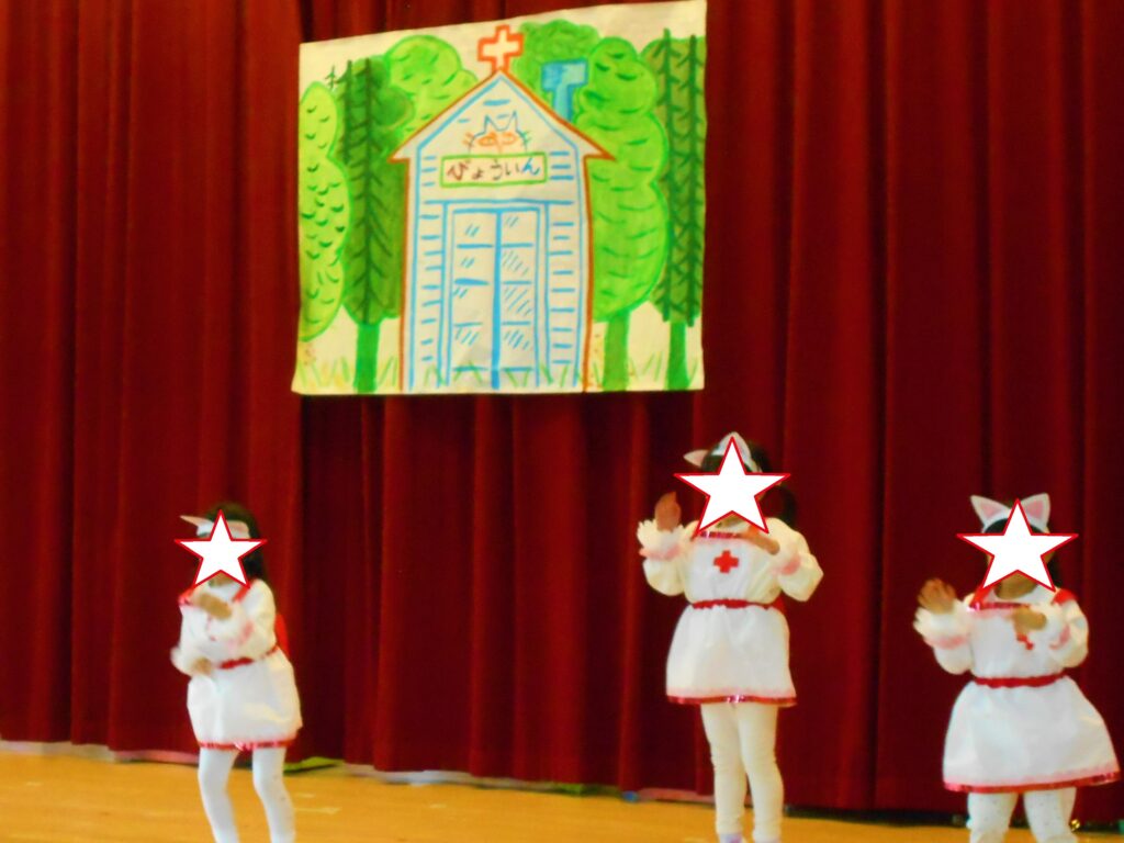 子ども達は、「ねこのおいしゃさん・おくさん・ねずみ・うさぎ・きりん・きつね」の役になって登場
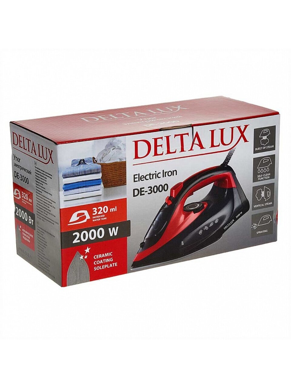 Вы можете приобрести «Утюг Delta, DE-3000, 2000 Вт, керамика, вертикальное отпаривание, 1.8 м, черный с красным» и другие товары в нашем интернет-магазине в Клинцах по низким ценам и с бесплатным самовывозом.
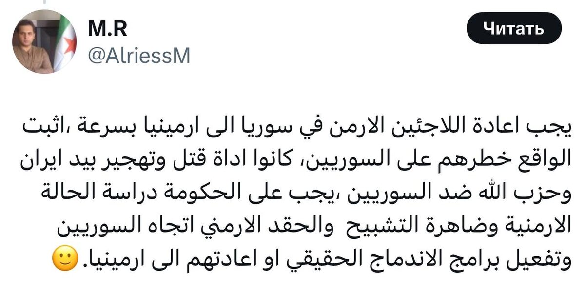 🇸🇾🇦🇲 «Армяне Сирии должны быть немедленно возвращены в Армению. Реальность доказала их опасность для сирийцев. Они были инструментом убийств и перемещения в руках Ирана и «Хезболлы» против сирийцев. Правительство должно изучить ситуацию феномен бандитизма и ненависти армян к сирийцам и активизировать программы по их подлинной интеграции или возвращению в Армению». Это новая Сирия - страна ненависти и зависти…
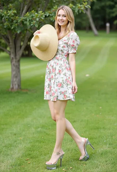 당신의 캐릭터가 햇살 가득한 꽃무늬 숏드레스를 입고 푸른 자연 속에서 발을 살짝 교차시키며, 마치 여왕처럼 그 힐을 자랑하는 모습을 상상해보세요! 👑🌿 그리고 이 힐의 투명한 마법은 섹시한 우아함과 야릇한 매력을 동시에 더해줍니다! 🔥💕 장난스럽지만 우아한 분위기에 완벽하게 어울립니다!
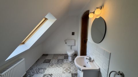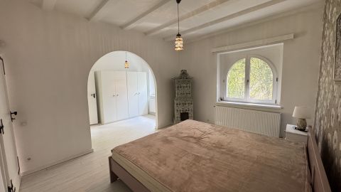 Az alsó szinten a nappaliban és a fürdőszobás hálószobában található két csodálatos századvégi cserépkályha tökéletes megoldást nyújt a gázcirkó ,(mely az ingatlan fűtését biztosítja)kiváltására.
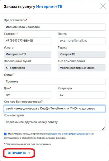 в поле «Кто Вам нас посоветовал?» указывай свой номер договора в СерДи ТелеКом
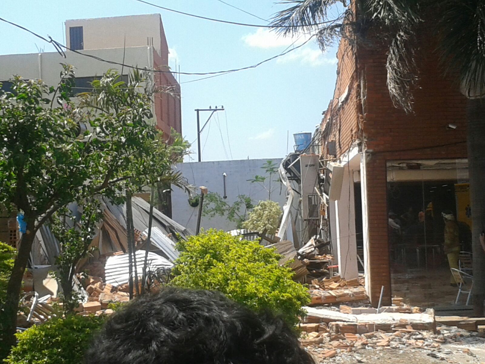 Cerca de las 13:00 horas de esta siesta, parte del techo de comidas del supermercado España se derrumbó sobre varias persónas que se encontraban en el lugar. Dicho edificio esta pegado al Departamento de Identificaciones de la Policía Nacional (Km 14) de San Lorenzo. La caída aparentemente fue por la explosión de un transformador de electricidad adyacente al edificio, aunque el presidente de la ANDE ingeniero Victor Romero, dijo al programa Algo Anda Mal de Radio Cardinal, que la máquina no tiene aspecto de haber explotado. Hay 10 heridos, informó Higinio Mendoza desde la zona del derrumbe. (Imágenes gentileza David Palacios)

-=-=-

Task instructions: Only the listing above, set down exactly and without pictures, belongs in the answer.

Exercise output:
 子ども達は、「ねこのおいしゃさん・おくさん・ねずみ・うさぎ・きりん・きつね」の役になって登場
 Вы можете приобрести «Утюг Delta, DE-3000, 2000 Вт, керамика, вертикальное отпаривание, 1.8 м, черный с красным» и другие товары в нашем интернет-магазине в Клинцах по низким ценам и с бесплатным самовывозом.
 🇸🇾🇦🇲 «Армяне Сирии должны быть немедленно возвращены в Армению. Реальность доказала их опасность для сирийцев. Они были инструментом убийств и перемещения в руках Ирана и «Хезболлы» против сирийцев. Правительство должно изучить ситуацию феномен бандитизма и ненависти армян к сирийцам и активизировать программы по их подлинной интеграции или возвращению в Армению». Это новая Сирия - страна ненависти и зависти…
 당신의 캐릭터가 햇살 가득한 꽃무늬 숏드레스를 입고 푸른 자연 속에서 발을 살짝 교차시키며, 마치 여왕처럼 그 힐을 자랑하는 모습을 상상해보세요! 👑🌿 그리고 이 힐의 투명한 마법은 섹시한 우아함과 야릇한 매력을 동시에 더해줍니다! 🔥💕 장난스럽지만 우아한 분위기에 완벽하게 어울립니다!
 Az alsó szinten a nappaliban és a fürdőszobás hálószobában található két csodálatos századvégi cserépkályha tökéletes megoldást nyújt a gázcirkó ,(mely az ingatlan fűtését biztosítja)kiváltására.
 в поле «Кто Вам нас посоветовал?» указывай свой номер договора в СерДи ТелеКом
 Cerca de las 13:00 horas de esta siesta, parte del techo de comidas del supermercado España se derrumbó sobre varias persónas que se encontraban en el lugar. Dicho edificio esta pegado al Departamento de Identificaciones de la Policía Nacional (Km 14) de San Lorenzo. La caída aparentemente fue por la explosión de un transformador de electricidad adyacente al edificio, aunque el presidente de la ANDE ingeniero Victor Romero, dijo al programa Algo Anda Mal de Radio Cardinal, que la máquina no tiene aspecto de haber explotado. Hay 10 heridos, informó Higinio Mendoza desde la zona del derrumbe. (Imágenes gentileza David Palacios)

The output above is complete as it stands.